Another man stood. Then a third.
“Come on,” Walden said, getting a firmer grip on the man’s arm. “I’m taking you home.”
This time Victor didn’t shake him off. He allowed Walden to lead him toward the door, but not before whirling around for one last shot.
“Assholes!” he said. “Every last one of you!”
Walden got him through the door and pushed him out onto the sidewalk.
“You pull a stunt like that again,” Walden said, “and you’re going to end up in the hospital. Or worse.”
Victor was fumbling in his pocket for his keys. Once he had them out, Walden grabbed them.
“Hey.”
“I’ll drive you home,” Walden said. “You can come back for your van tomorrow.”
“What if I don’t remember where it is?”
“I’ll remember.”
“I guess.”
“And then I think we need to talk,” Walden said. “About getting your life back on track.”
“I’m going to leave this town,” Victor said. “I’m going to get the hell out of here.”
“When? Do you have something lined up? A job?”
“I just want out. Everywhere I look, I’m reminded of Olivia.”
“How soon are you leaving?” Walden asked, unable to hide the concern in his voice.
“Not sure.
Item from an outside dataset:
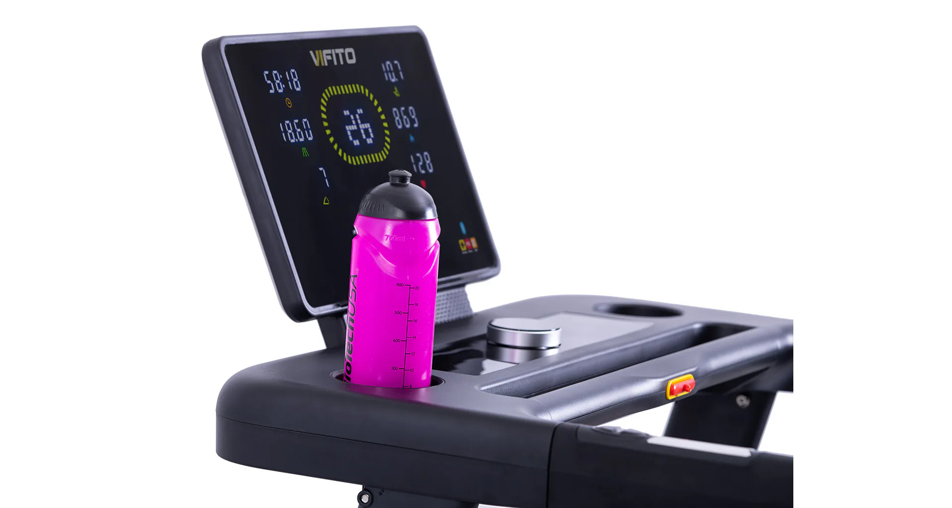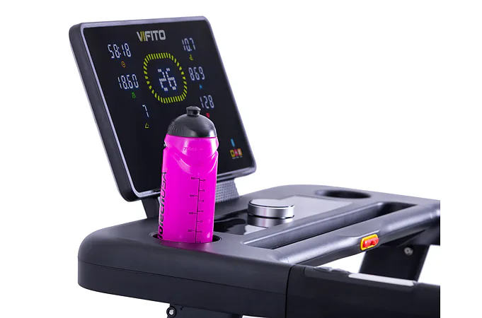 Běžecký pás VIFITO Rio 450 je vybaven praktickým držákem na pití umístěným hned u počítače, což přináší několik výhod.
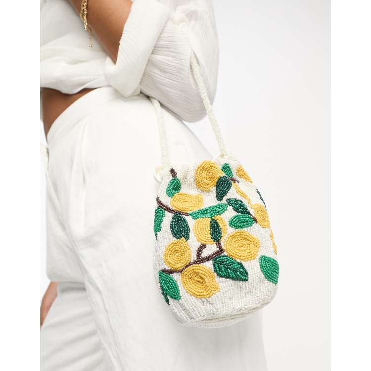 Accessorize mini beaded fruit drawstring bag in yellow and white Very well made.

Still got a few things to do here; then I’m gone. End of the month, I’d say.”
“Hang in, at least till then,” Walden said. “Maybe something will still work out for you here. I could ask around.”
Victor smiled. “Don’t waste your time on me.”
Barry Duckworth had learned less from his search of Sarita Gomez’s room than he’d hoped.
The detective already knew the Gaynors’ nanny had no phone of her own. But she didn’t have a computer, either. At least not one that she’d left behind in the apartment. So there were no e-mails to check, no bookmarked Facebook page. No electric bill. No monthly Visa statement. No invoice from a visit to the dentist. Nor were there any personal letters, or even an address book. Sarita either packed up everything in a hurry, or she led a very simple, off-the-grid kind of existence. No digital trail here.
No bloodstained uniform, either.
Duckworth had asked the nanny’s landlord, she of the amazing banana bread, whether she might have any pictures of Sarita. “On your phone, anything like that?”
No such luck. Duckworth didn’t even know what this woman he was searching for looked like.
He was driving back to the station when he realized there was something big he had allowed to slip through the cracks.
The Thackeray College predator.
The Gaynor murder had so completely taken over his day that he’d neglected to do anything following his chat with the college’s head of security. Clive Duncomb. “Asshole,” Duckworth said to himself behind the wheel of his unmarked car. Duckworth had left his business card with Duncomb and told him to e-mail him the names of the three women who’d been attacked. They needed to be interviewed by the Promise Falls police. But the day had gone by and no names, no e-mail at all from Duncomb. Duckworth could just guess what the ex — Boston cop thought of the local police. That they were a bunch of know-nothing rubes.